A peaceful protest outside the Tesla dealership turned ugly on Saturday when a Trump supporter on an electric bike was confronted by protesters and whipped out a stun gun to ward them off.
A Berkeleyside reporter was at the scene of the altercation and witnessed electrical sparks coming from the stun gun a number of times. No one was actually zapped, the people targeted told Berkeleyside.
Berkeley police arrested Rick Fuze, 33, of Berkeley, who owns an e-bike repair shop on University Avenue. Berkeley Police Lt.

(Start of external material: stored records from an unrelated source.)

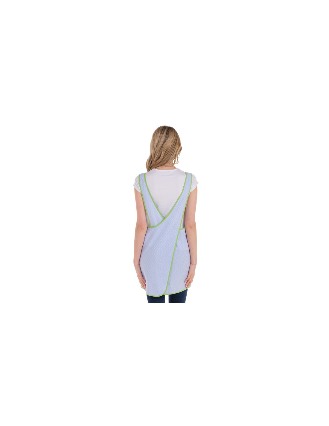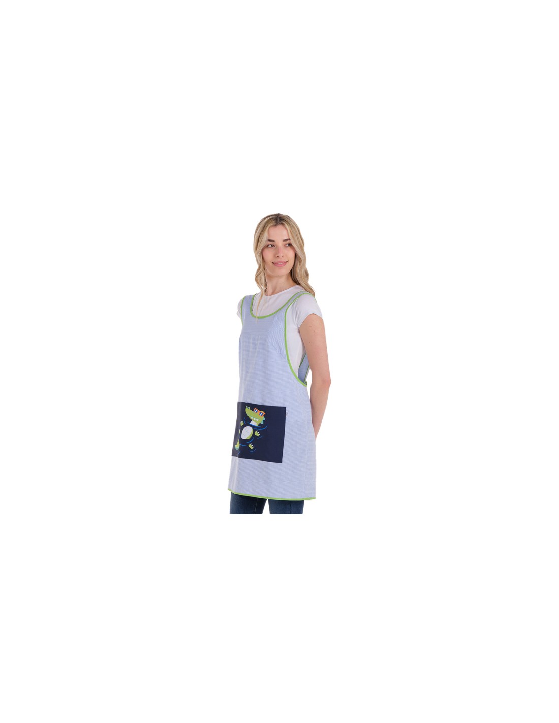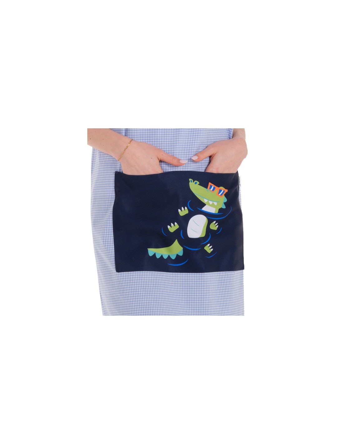 Estola confeccionada en tejido vichy azul de cuadro pequeño combinado con vivo pistacho a contraste. Amplio bolsillo central delantero divisorio en denim con gracioso cocodrilo. Espalda de tirantes cruzados. Largo aproximado 92 cm. Multi talla.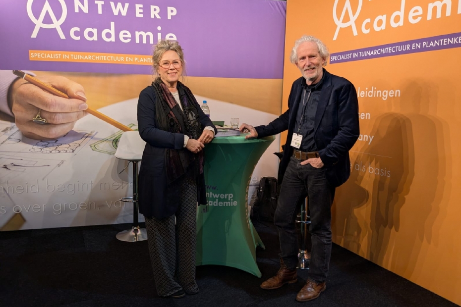 Patricia van Baar en Dolf Houtman van de OntwerpAcademie brengen onder meer de vakopleiding Tuinontwerper eerste leerjaar en Natuurinclusief Ontwerper Buitenruimtes tweede leerjaar onder de aandacht. Voor laatstgenoemde opleiding - die 28 januari begint - is nog plek. Aan interesse geen gebrek bij de stand. 'Ik ben schor van alle gesprekken', grapt Patricia. 'Ik merk dat er veel interesse in onze opleidingen is. Veel Hoveniers willen meer weten over het ontwerpvak. Jongeren zijn heel geïnteresseerd in het bijspijkeren van hun plantenkennis. Sindskort hebben we ook een leslocatie in Noordschut. Op die plek leiden we mensen tot planten adviseur op.'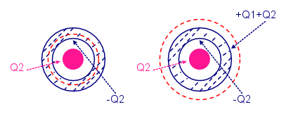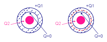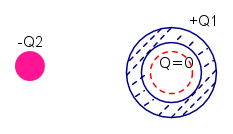 Quando si mette la sferetta dentro il guscio mi sembra che dica che si ha questa situazione della figura a sinistra, ma questo e` impossibile perche' vorrebbe dire avere campo dentro al guscio. Se guardi la superficie gaussiana rossa a destra vedi che questa contiene la carica Q2 e quindi ci dovrebbe essere campo, cosa impossibile

Steve Rego said at the scene that Fuze would probably be charged with brandishing a weapon or assault, but only if the Taser connected physically with someone.

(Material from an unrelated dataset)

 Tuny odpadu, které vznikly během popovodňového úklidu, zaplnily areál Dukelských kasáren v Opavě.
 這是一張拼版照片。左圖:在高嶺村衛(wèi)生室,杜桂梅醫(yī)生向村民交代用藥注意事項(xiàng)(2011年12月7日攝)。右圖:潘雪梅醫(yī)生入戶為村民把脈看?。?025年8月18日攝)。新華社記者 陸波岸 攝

As he was being arrested, Fuze told police he used the stun gun in self-defense because someone pulled his hair.
“I didn’t tase anyone,” Fuze said. “I pulled it out to protect myself.”

The protesters who confronted Fuze said they knew who he was — he had shown up to the protest last week — and were annoyed he was playing loud music and running his bike up and down the street. They tried to stop him.
“I just wanted to drive him away,” said James Richardson of Berkeley, who stepped in front of Fuze’s bike several times.
Susan Kegeles of Berkeley said she tried to pull Kuze off his bike. He then grabbed her arm, and she pulled his hair, she said.
That’s when Fuze pulled out the stun gun.
The incident comes at a time of growing tension in the United States as Elon Musk, the world’s richest man and CEO of Tesla, is overseeing the effort to reduce the size of the federal government by slashing tens of thousands of federal employees and eliminating longstanding departments, agencies and programs. President Donald Trump has issued dozens of executive orders, many of which federal judges have ruled are unconstitutional. Despite that, Trump is ignoring some of those federal orders.


The sense that American democracy is under attack brought Kegeles and about 200 others out to protest in front of the Tesla dealership. She said she felt compelled to try to stop Fuze from disrupting the protest because she feels a moral duty to resist what is happening.
“When he tried to hurt me I wasn’t going to wait around,” she said.
Other incidents at the Tesla dealership
People concerned about Musk’s role in the Trump administration have been protesting outside the Fourth Street dealership every Saturday since Feb. 15 as part of the #TeslaTakedown movement that has spread across the U.S. The demonstrations have been largely peaceful with just a few incidents that required police intervention.
On March 1, a protester threw a can of rust-red paint at the doors of the Tesla dealership at 1731 Fourth St. He was later arrested and charged with vandalism, resisting arrest and being in possession of a controlled substance, according to Officer Jessica Perry, BPD’s spokesperson. On March 16, police responded to a report of a woman who was shouting obscenities at customers inside the showroom. Berkeley police came and later charged the 42-year-old woman with trespassing.
Police also have had reports of 13 Teslas being vandalized this year.
Fuze told Berkeleyside on Friday that he did not believe the Tesla protests were “organic” and that the group Indivisible, backed by “Democratic super PAC money,” was paying people to show up. There is no evidence this is true. Fuze attended the March 15 protest because he wanted to “show that not everyone in Berkeley is against Elon Musk and Trump and what DOGE is doing.”
Fuze also was critical that the Berkeley protesters were almost all over 60 and white.
As a person of color, he said, he also wanted to show that not every Trump supporter is a “tiki torch-carrying white man from the Midwest.”
Fuze sent a video of his actions at a previous protest to numerous media outlets, including Berkeleyside. He also goes by the name DJ Occult.
Despite the incident, the majority of the hour-and-a-half protest was peaceful. People held up signs, cheered when passing cars honked their horns, and chanted for Trump and Musk to stop dismantling the government.